WHAT THE EXERCISE ASKS
Restate word for word the lines of the records below, starting at the line that contains "This red knitted" and ending at the line that contains "Qualquer informação sobre", with both of those lines included and nothing else.

[[ RECORDED INFORMATION open ]]

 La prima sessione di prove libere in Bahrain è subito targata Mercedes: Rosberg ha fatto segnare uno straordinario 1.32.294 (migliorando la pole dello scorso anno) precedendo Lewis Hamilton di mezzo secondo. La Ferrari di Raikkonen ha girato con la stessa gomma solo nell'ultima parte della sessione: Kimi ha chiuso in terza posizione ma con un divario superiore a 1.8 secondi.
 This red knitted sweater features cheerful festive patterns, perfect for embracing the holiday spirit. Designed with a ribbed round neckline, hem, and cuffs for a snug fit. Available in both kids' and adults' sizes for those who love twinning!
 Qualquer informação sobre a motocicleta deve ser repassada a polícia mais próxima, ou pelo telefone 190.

[[ RECORDED INFORMATION closed ]]
[[ RECORDED INFORMATION open ]]

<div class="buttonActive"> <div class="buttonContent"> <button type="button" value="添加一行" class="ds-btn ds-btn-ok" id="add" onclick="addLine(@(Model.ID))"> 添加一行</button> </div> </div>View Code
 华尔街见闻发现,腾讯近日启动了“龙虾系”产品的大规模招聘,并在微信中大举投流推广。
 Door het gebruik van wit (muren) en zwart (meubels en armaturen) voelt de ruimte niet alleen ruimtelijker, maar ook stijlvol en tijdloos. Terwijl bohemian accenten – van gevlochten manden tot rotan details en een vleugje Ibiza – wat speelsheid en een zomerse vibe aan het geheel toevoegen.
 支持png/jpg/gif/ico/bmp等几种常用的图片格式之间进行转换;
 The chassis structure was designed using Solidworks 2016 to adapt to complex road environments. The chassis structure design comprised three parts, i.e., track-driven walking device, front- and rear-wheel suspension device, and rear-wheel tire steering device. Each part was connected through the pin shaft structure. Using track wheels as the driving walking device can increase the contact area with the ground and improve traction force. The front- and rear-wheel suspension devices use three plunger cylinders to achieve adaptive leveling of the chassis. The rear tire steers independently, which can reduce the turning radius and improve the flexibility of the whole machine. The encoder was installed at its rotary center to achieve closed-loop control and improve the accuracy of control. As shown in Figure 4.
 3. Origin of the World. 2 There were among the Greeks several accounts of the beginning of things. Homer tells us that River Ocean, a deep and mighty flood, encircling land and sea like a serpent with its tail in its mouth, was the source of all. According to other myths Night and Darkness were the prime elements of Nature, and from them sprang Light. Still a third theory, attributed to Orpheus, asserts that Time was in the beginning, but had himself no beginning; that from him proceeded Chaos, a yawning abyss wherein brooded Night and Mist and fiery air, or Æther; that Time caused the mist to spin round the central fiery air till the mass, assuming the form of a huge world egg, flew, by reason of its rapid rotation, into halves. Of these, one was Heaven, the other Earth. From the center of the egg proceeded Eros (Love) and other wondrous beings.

[[ RECORDED INFORMATION closed ]]

RESPONSE
 This red knitted sweater features cheerful festive patterns, perfect for embracing the holiday spirit. Designed with a ribbed round neckline, hem, and cuffs for a snug fit. Available in both kids' and adults' sizes for those who love twinning!
 Qualquer informação sobre a motocicleta deve ser repassada a polícia mais próxima, ou pelo telefone 190.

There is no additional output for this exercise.